The shortest code in each programming language wins!

\$\endgroup\$
9
  • 1
    \$\begingroup\$ How does the last test case have \u0083 between the other two instead of being first? \$\endgroup\$ Commented Feb 28, 2023 at 16:29
  • 1
    \$\begingroup\$ Suggested tag: string \$\endgroup\$
    – The Thonnu
    Commented Feb 28, 2023 at 17:49
  • 1
    \$\begingroup\$ @TheThonnu Added.

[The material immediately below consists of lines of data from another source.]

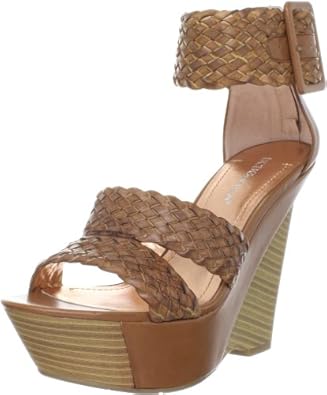 This Candiss from BCBGeneration is a stylish ankle strap sandal with a high woven wedge heel.Distinctive in design, the generous platform wedge adds stability to the sky-high stacked heel. Woven leather straps add an element of texture, and the ankle features an adjustable strap as well as a back zip for easy wearing. The smooth lining with cushioning insole and Rubber traction outsole makes this wedge sandal very comfortable to wear.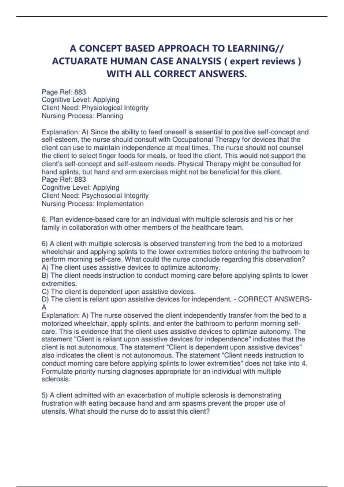 A CONCEPT BASED APPROACH TO LEARNING// ACTUARATE HUMAN CASE ANALYSIS ( expert reviews ) WITH ALL CORRECT ANSWERS. Page Ref: 883 Cognitive Level: Applying Client Need: Physiological Integrity Nursing Process: Planning Explanation: A) Since the ability to feed oneself is essential to positive self-concept and self-esteem, the nurse should consult with Occupational Therapy for devices that the client can use to maintain independence at meal times. The nurse should not counsel the client to select finger foods for meals, or feed the client. This would not support the client's self-concept and self-esteem needs. Physical Therapy might be consulted for hand splints, but hand and arm exercises might not be beneficial for this client. Page Ref: 883 Cognitive Level: Applying Client Need: Psychosocial Integrity Nursing Process: Implementation 6. Plan evidence-based care for an individual with multiple sclerosis and his or her family in collaboration with other members of the healthcare team. 6) A client with multiple sclerosis is observed transferring from the bed to a motorized wheelchair and applying splints to the lower extremities before entering the bathroom to perform morning self-care. What could the nurse conclude regarding this observation? A) The client uses assistive devices to optimize autonomy. B) The client needs instruction to conduct morning care before applying splints to lower extremities. C) The client is dependent upon assistive devices. D) The client is reliant upon assistive devices for independent. - CORRECT ANSWERSA Explanation: A) The nurse observed the client independently transfer from the bed to a motorized wheelchair, apply splints, and enter the bathroom to perform morning selfcare. This is evidence that the client uses assistive devices to optimize autonomy. The statement "Client is reliant upon assistive devices for independence" indicates that the client is not autonomous. The statement "Client is dependent upon assistive devices" also indicates the client is not autonomous. The statement "Client needs instruction to conduct morning care before applying splints to lower extremities" does not take into 4. Formulate priority nursing diagnoses appropriate for an individual with multiple sclerosis. 5) A client admitted with an exacerbation of multiple sclerosis is demonstrating frustration with eating because hand and arm spasms prevent the proper use of utensils. What should the nurse do to assist this client?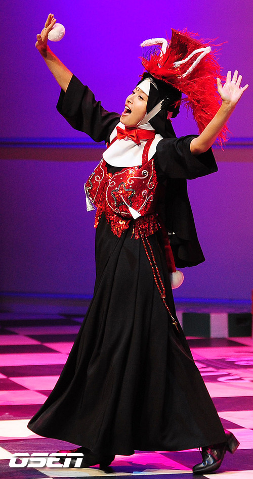 18일 오후 서울 이화여자대학교 삼성홀에서 열린 뮤지컬 '넌센세이션' 프레스콜에서 가수 황보가 멋진 무대를 선보이고 있다. '넌센세이션'은 '넌센스'의 완결편이라 할 수 있는 라스베가스 버전으로 다섯 수녀들의 예측할 수 없는 좌충우돌 해프닝과 함께 경건하고 금욕적인 생활을 하는 것으로만 알고 있던 수녀들의 무대 카리스마와 개인기로 더욱 강력한 웃음 핵폭탄을 선사한다. 1991년 '넌센스' 초연 이후 올해로 21년째를 맞이하고 있는 '넌센세이션 넌센스 6탄'은 18일부터 오는 12월 18일까지 이화여자대학교 삼성홀에서 공연된다. /jpnews@osen.co.kr
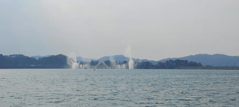 탑정호는 낚시꾼들에게 인기많은 낚시터인데 출렁다리와 음악분수 주변의 제방과 수변은 낚시금지구역이라 사이버 낚시를 할 수 있는 포인트가 마련되어있다. 안내판에는 바코드 찍어서 앱으로 AR낚시를 즐기는 법과 이 포인트의 주요 어종이 나와있다. 재밌는 건 절대 휴대폰을 던지지 말라는 경고문구가 빨간 글씨로 쓰여있다는 점이다. 낚시앱 따라서 하다가 많이들 던진 모양이다.^^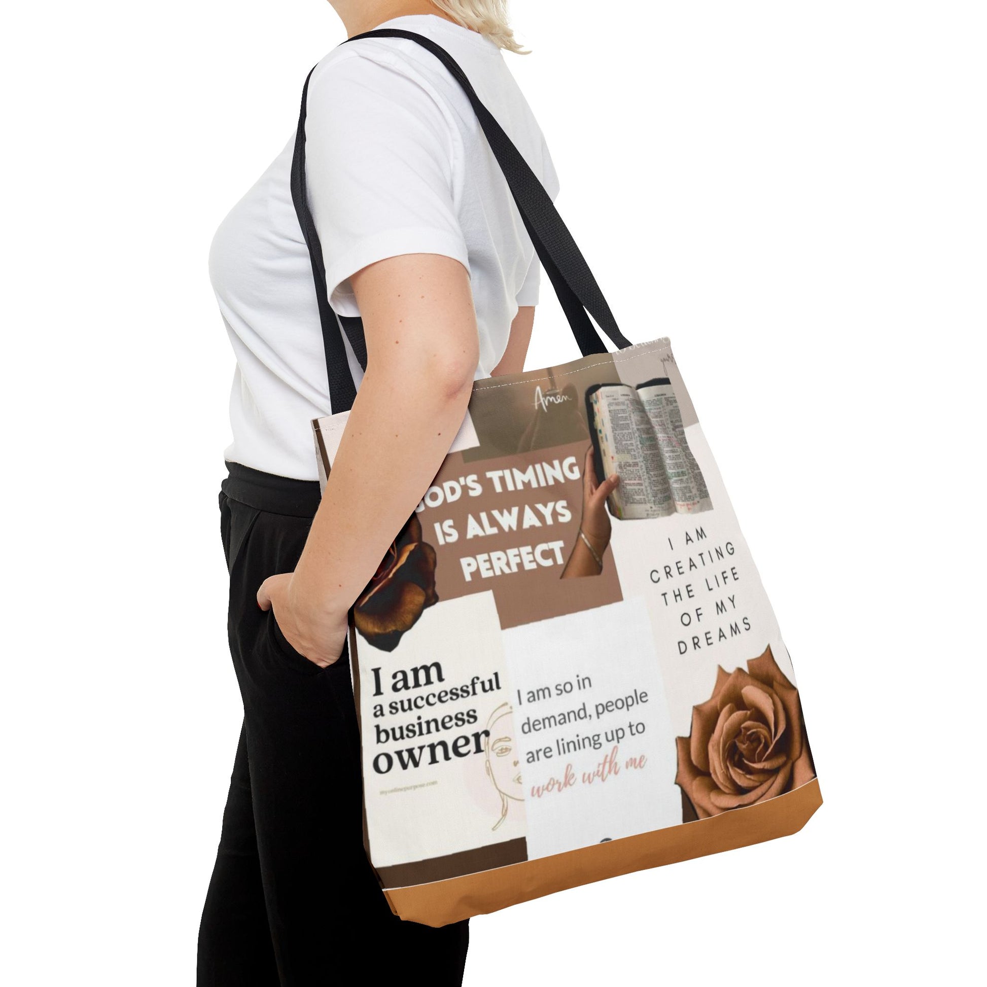 Elevate your daily routine with this stylish and versatile tote bag. Crafted from 100% polyester, it offers durability while retaining its shape, making it perfect for everyday use. The eye-catching design inspires motivation and positivity, adding a touch of uplifting energy to your day. Ideal for busy professionals, students, or anyone on-the-go, this tote seamlessly blends functionality with charm. It's great for various occasions like shopping trips, beach outings, or gym visits, and makes a thoughtful gift for celebrations such as birthdays or holidays. Carry your essentials in style and let this tote bag remind you that 'God's timing is always perfect.'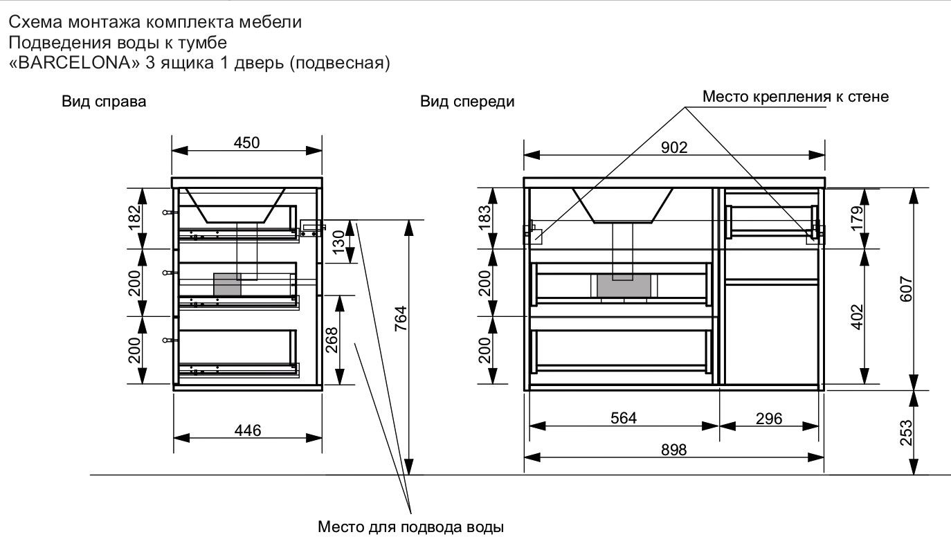 Подвесная тумба под раковину Эстет Barcelona ФР-00003576 Л 90см два ящика одна дверь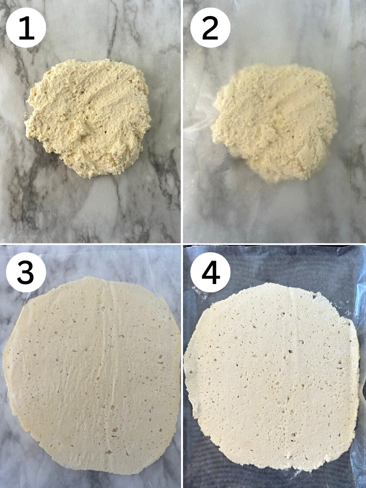 Gently run your hands over the top layer of parchment paper, spreading out the dough to form a crust. You want to avoid making the crust too thin – because it will break.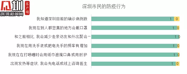 2020年2月9日-11日,深圳疾病預(yù)防控制中心聯(lián)合深圳大學(xué)傳播學(xué)院開展了《深圳市民新冠肺炎調(diào)查》。在三天時間內(nèi)共回收到8179份有效答卷。結(jié)果顯示,深圳市民對于新冠肺炎知識的了解程度達(dá)到了較高水平。近8成受訪市民對疫情發(fā)展持積極態(tài)度,超9成受訪市民能做好自我防護(hù),對于病原、疾病的典型癥狀、傳染源特征、洗手的有效預(yù)防性,以及高危人群特征也均超過了95%。

Thank you! \$\endgroup\$
    – EzioMercer
    Commented Feb 28, 2023 at 17:55
  • 2
    \$\begingroup\$ Are the characters guaranteed to be in Unicode Plane 0? \$\endgroup\$
    – alephalpha
    Commented Mar 1, 2023 at 1:43
  • 3
    \$\begingroup\$ @alephalpha All symbols will be from range [\u+0000, \u+ffff] \$\endgroup\$
    – EzioMercer
    Commented Mar 1, 2023 at 1:45

15 Answers 15

6
\$\begingroup\$

Excel, 92 89 bytes

=CONCAT(
    TOCOL(UNICHAR(MOD(MMULT(IFERROR(UNICODE(MID(A1:B1,ROW(A:A),1)),),{1;1}),4^8)),2)
)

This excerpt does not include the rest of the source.